--- PROBLEM TO SOLVE ---
The entries below contain a line with "Stalker战队自2016" and a line with "ノスタルジックなバイカラーが". Quote exactly those two lines and all lines between them.

--- DATA LISTING ---
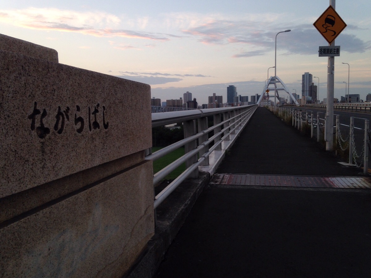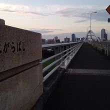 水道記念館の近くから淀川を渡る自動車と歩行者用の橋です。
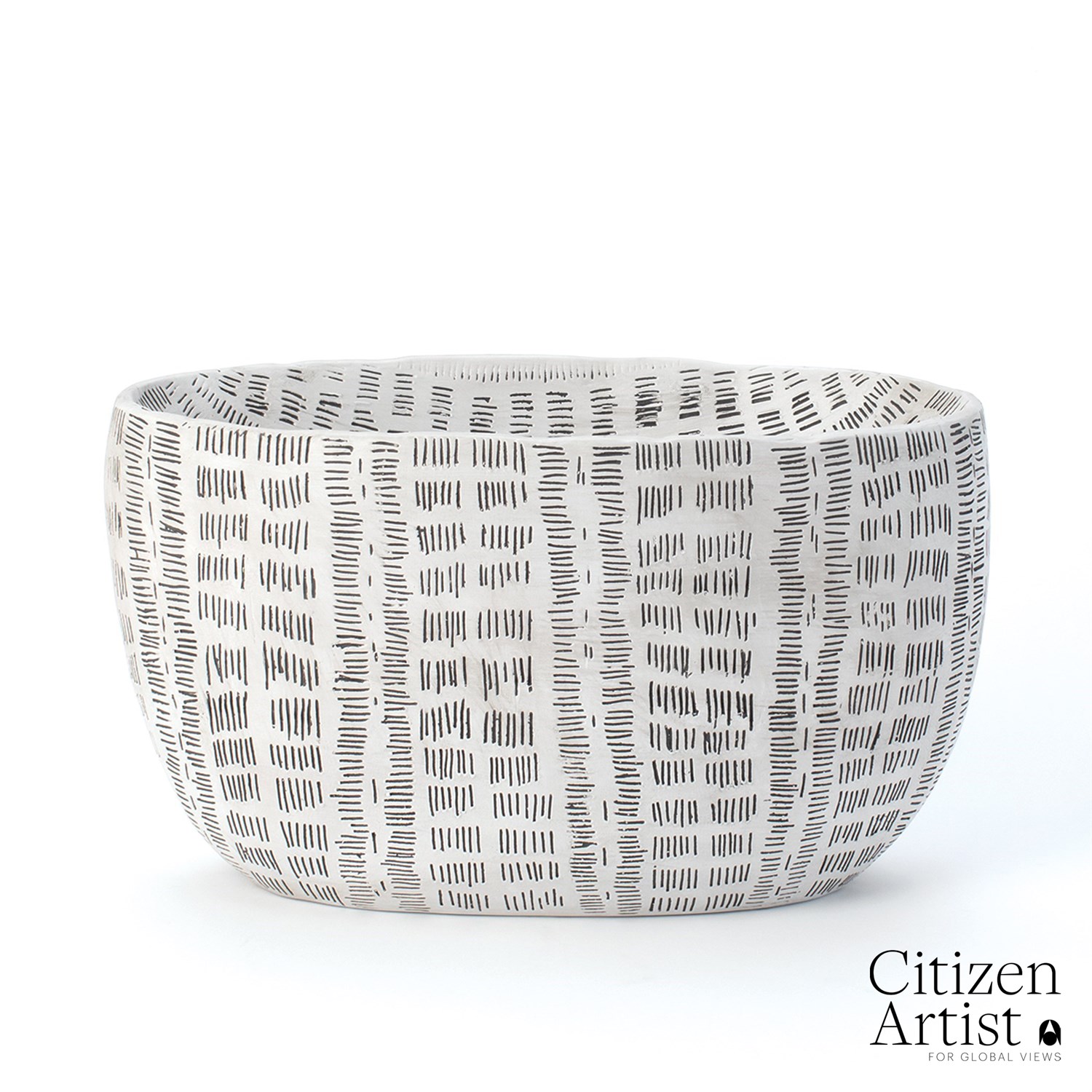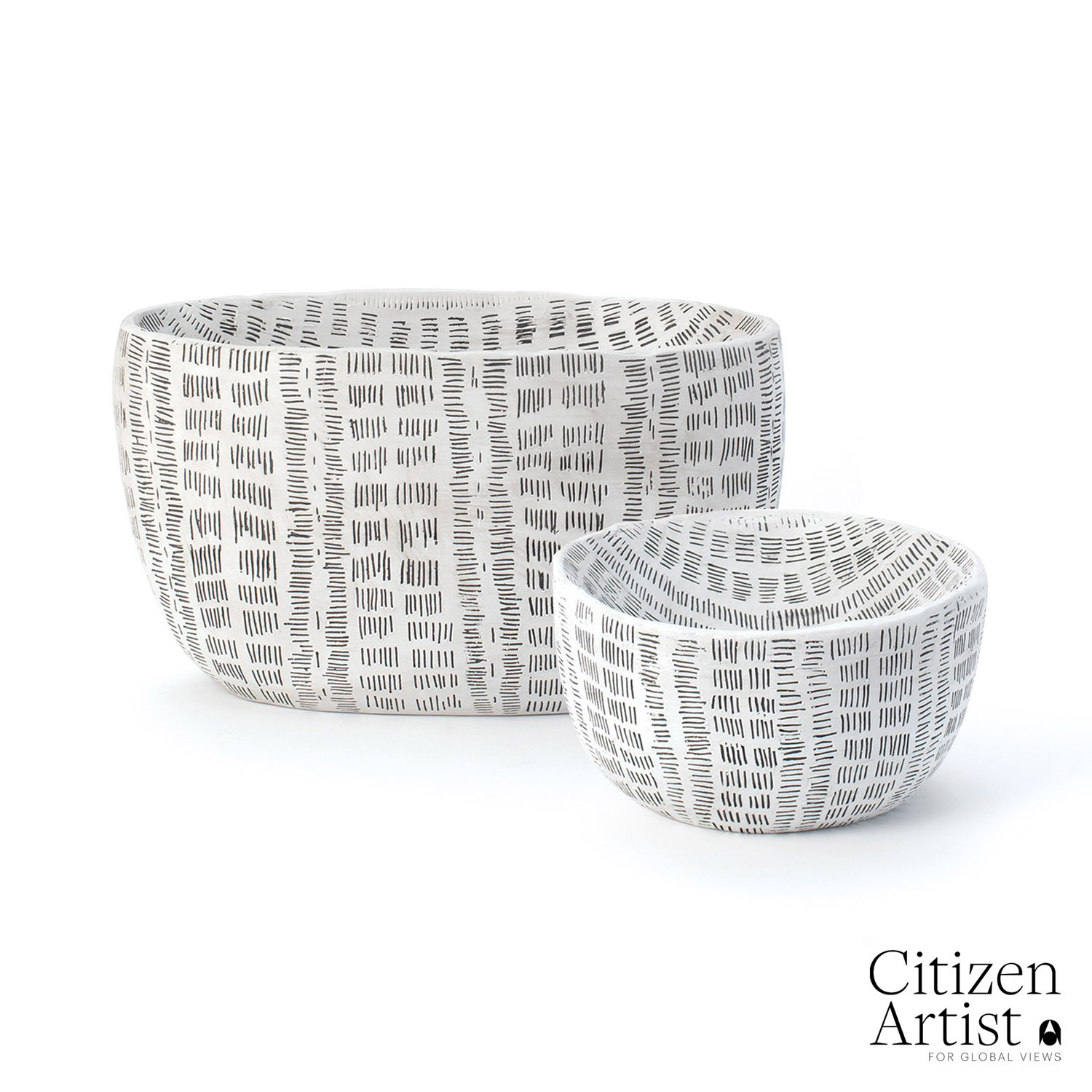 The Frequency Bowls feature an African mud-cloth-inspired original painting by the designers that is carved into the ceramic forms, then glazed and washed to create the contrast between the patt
==
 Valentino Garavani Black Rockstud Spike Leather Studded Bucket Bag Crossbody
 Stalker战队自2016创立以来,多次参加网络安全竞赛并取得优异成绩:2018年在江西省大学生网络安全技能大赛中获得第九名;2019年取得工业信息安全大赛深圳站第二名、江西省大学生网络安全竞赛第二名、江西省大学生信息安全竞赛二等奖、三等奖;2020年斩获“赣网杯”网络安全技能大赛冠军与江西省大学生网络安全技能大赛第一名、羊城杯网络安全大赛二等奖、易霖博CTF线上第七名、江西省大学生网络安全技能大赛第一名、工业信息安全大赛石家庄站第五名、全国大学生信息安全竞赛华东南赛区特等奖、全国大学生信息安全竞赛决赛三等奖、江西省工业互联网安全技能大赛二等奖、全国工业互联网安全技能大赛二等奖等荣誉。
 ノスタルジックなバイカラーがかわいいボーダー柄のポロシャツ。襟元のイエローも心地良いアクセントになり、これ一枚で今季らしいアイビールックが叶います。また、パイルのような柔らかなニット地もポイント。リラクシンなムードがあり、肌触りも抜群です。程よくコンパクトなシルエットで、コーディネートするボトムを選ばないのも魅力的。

--- EXPECTED ANSWER ---
 Stalker战队自2016创立以来,多次参加网络安全竞赛并取得优异成绩:2018年在江西省大学生网络安全技能大赛中获得第九名;2019年取得工业信息安全大赛深圳站第二名、江西省大学生网络安全竞赛第二名、江西省大学生信息安全竞赛二等奖、三等奖;2020年斩获“赣网杯”网络安全技能大赛冠军与江西省大学生网络安全技能大赛第一名、羊城杯网络安全大赛二等奖、易霖博CTF线上第七名、江西省大学生网络安全技能大赛第一名、工业信息安全大赛石家庄站第五名、全国大学生信息安全竞赛华东南赛区特等奖、全国大学生信息安全竞赛决赛三等奖、江西省工业互联网安全技能大赛二等奖、全国工业互联网安全技能大赛二等奖等荣誉。
 ノスタルジックなバイカラーがかわいいボーダー柄のポロシャツ。襟元のイエローも心地良いアクセントになり、これ一枚で今季らしいアイビールックが叶います。また、パイルのような柔らかなニット地もポイント。リラクシンなムードがあり、肌触りも抜群です。程よくコンパクトなシルエットで、コーディネートするボトムを選ばないのも魅力的。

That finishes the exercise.